▸ Goal of the exercise:
Output the data below only from the line containing "Hallo,schade das ich" up to and including the line containing "تنبيه: قال أبو", exact and with the pictures left out.
**** Task input
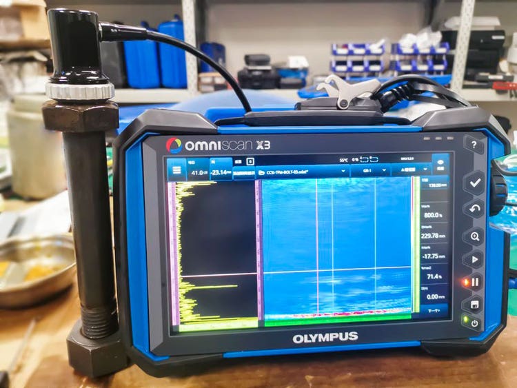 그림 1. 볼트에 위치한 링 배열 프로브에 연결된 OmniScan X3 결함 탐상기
********
**** Task input
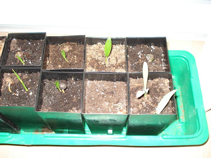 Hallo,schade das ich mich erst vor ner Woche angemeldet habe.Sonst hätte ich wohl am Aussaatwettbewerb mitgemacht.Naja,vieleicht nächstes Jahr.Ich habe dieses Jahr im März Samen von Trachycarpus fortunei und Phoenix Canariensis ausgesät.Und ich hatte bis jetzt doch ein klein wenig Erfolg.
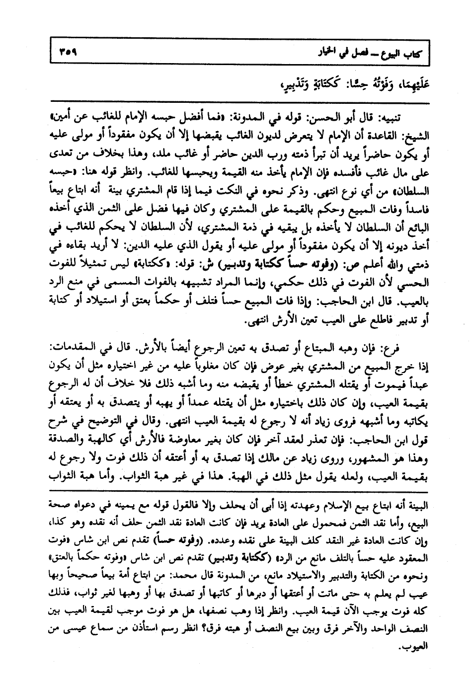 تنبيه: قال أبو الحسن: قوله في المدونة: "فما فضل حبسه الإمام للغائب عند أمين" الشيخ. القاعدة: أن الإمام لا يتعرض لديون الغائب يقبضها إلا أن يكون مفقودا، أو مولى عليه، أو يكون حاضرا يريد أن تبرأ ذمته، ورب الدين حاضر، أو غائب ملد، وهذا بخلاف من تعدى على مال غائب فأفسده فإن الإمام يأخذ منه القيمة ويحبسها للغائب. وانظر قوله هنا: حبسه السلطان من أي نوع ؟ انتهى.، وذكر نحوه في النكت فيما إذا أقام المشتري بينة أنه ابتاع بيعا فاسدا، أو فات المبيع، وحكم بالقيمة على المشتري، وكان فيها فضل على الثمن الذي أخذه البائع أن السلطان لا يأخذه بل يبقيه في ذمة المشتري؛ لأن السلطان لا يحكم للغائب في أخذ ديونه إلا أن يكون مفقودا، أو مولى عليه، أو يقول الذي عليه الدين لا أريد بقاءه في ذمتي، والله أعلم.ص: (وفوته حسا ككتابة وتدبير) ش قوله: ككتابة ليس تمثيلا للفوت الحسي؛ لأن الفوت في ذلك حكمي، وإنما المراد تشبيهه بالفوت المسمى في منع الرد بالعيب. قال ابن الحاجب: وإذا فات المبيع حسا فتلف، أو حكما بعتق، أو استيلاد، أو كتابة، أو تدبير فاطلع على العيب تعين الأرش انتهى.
********
▸ Completed task:
 Hallo,schade das ich mich erst vor ner Woche angemeldet habe.Sonst hätte ich wohl am Aussaatwettbewerb mitgemacht.Naja,vieleicht nächstes Jahr.Ich habe dieses Jahr im März Samen von Trachycarpus fortunei und Phoenix Canariensis ausgesät.Und ich hatte bis jetzt doch ein klein wenig Erfolg.
 تنبيه: قال أبو الحسن: قوله في المدونة: "فما فضل حبسه الإمام للغائب عند أمين" الشيخ. القاعدة: أن الإمام لا يتعرض لديون الغائب يقبضها إلا أن يكون مفقودا، أو مولى عليه، أو يكون حاضرا يريد أن تبرأ ذمته، ورب الدين حاضر، أو غائب ملد، وهذا بخلاف من تعدى على مال غائب فأفسده فإن الإمام يأخذ منه القيمة ويحبسها للغائب. وانظر قوله هنا: حبسه السلطان من أي نوع ؟ انتهى.، وذكر نحوه في النكت فيما إذا أقام المشتري بينة أنه ابتاع بيعا فاسدا، أو فات المبيع، وحكم بالقيمة على المشتري، وكان فيها فضل على الثمن الذي أخذه البائع أن السلطان لا يأخذه بل يبقيه في ذمة المشتري؛ لأن السلطان لا يحكم للغائب في أخذ ديونه إلا أن يكون مفقودا، أو مولى عليه، أو يقول الذي عليه الدين لا أريد بقاءه في ذمتي، والله أعلم.ص: (وفوته حسا ككتابة وتدبير) ش قوله: ككتابة ليس تمثيلا للفوت الحسي؛ لأن الفوت في ذلك حكمي، وإنما المراد تشبيهه بالفوت المسمى في منع الرد بالعيب. قال ابن الحاجب: وإذا فات المبيع حسا فتلف، أو حكما بعتق، أو استيلاد، أو كتابة، أو تدبير فاطلع على العيب تعين الأرش انتهى.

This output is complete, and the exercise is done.